The thinly carved pink beef came apart like ham. It would have felt like hacking through a loaf of stale bread were he eating it at home, or at Graham’s parents’ house, where they used to cook the meat so long it turned grey. Owen had asked Jesse, when searing it, how he liked it cooked, and because Jesse had never thought about it, he’d said, Well done, please. The kitchen was L-shaped, with the dining table behind Jesse; Owen stood at the hob with his back to the window. Jesse was picking parsley leaves from their stalks and collecting them in a bowl, playing the Bad Boy Remix of “He Loves U Not” by Dream in his head, despite the shuffle of songs Owen played from his iPod. Jesse hated parsley, growing up. It dominated the disgusting pre-made gloopy white sauce that accompanied those dry and stringy fillets of cod his mother pictured herself as a fine middle-class housewife for serving.
“Well, then there we have a problem,” Owen had said, as the rich beef smell went straight up Jesse’s nose and taunted his empty stomach. “I eat mine rare.”
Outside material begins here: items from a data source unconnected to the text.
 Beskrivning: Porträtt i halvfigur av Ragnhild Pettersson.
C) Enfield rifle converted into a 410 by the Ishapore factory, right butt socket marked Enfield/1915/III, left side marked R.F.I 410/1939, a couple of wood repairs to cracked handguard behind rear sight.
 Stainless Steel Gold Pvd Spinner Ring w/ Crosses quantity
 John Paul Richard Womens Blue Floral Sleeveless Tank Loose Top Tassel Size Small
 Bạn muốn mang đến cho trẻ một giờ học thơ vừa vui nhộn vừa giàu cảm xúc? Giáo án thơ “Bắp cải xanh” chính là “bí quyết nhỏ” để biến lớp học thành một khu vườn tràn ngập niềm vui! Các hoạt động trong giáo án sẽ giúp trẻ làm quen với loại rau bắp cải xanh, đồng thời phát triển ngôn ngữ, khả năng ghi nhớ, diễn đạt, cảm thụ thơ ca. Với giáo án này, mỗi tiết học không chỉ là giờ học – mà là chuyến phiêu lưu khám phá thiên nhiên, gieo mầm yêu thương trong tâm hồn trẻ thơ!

He was not allowed to eat bloody meat. From as early as he could remember, Jesse and other Witness children had been made to carry an Identity Card with them, refreshed each January. It was signed by their parents, and an elder, and said that if Jesse were to be taken into hospital care, as a minor with none of his guardians present, doctors could be sued if they decided to treat him with blood-based products. When he became a baptised Brother, he was given a more explicit “No Blood” card that did not have to be signed by his parents, showing that it was his own decision to disallow doctors from treating him with blood.
“Fuck it. I’ll take it just like you do,” he said. He’d been sucking dicks for seven months and here he was worried about a juicy steak.
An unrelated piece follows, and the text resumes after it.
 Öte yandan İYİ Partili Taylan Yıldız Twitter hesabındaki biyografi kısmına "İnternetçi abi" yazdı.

“Are you sure?” Owen said, as if he was knowingly leading Jesse into temptation.
“I worked in a restaurant for a couple of days when I first moved to London and couldn’t believe so many people were ordering steaks with blood circling round the plate.”
“Of course, yeah. ‘The Blood Issue.’ Anya deals a lot with that sort of thing,” Owen said. The sizzling got louder as he pressed down the fatty rind on the surface of the pan. “Did I tell you she was a barrister in child protection? Jehovah’s Witness parents have been happier to let their child die than allow them to receive blood.” Jesse thought about Fraser’s family tragedy but decided not to ruin his day with Owen by talking about him. “I didn
’t know their abstinence extends to the consumption of blood as a food product as well.”
“That’s the word the Bible uses. Abstain from blood. Act fifteen verses twenty-eight and twenty-nine,” Jesse said, as if preaching once again from the rostrum at his Kingdom Hall. “Everything we eat has to be well done, to the point of being barely edible. Burnt to a crisp. Otherwise, it’s unclean and unfit for consumption.”
“And is it halal?” Owen said the latter word with a throaty non-English intonation, giving equal stress to both syllables.
“What’s halal?” Jesse copied.
“In Muslim communities, only meat that has been bled in a certain way, and prayed over, can be eaten. Permitted food is called halal.”
“No, nothing like that. We just buy any old shit from the supermarket like everybody else does and cook it till it could be anything.”
“What about black pudding?” said Owen, smiling.
Jesse tensed his stomach and pulled a heaving face.
“Isn’t that pig’s blood?”
“Congealed with groats, dried onion and spices.”
Jesse shook his head. “I don’t know how anyone could eat that, religious or not.”
“But it’s supposed to be a delicacy in the Black Country. We used to eat Black Country sausage at home, when I was a kid, on a Saturday, with the grill. Tasty stuff. It’s supposed to have aphrodisiacal properties.”
Jesse caught the little flutter of suggestion in Owen’s teasing and internally blushed. “Some things we’re thankful not to be made to eat,” he said, playfully.
“You’re still using the present tense,” Owen said, as he transferred the joint to a roasting rack in the hot oven.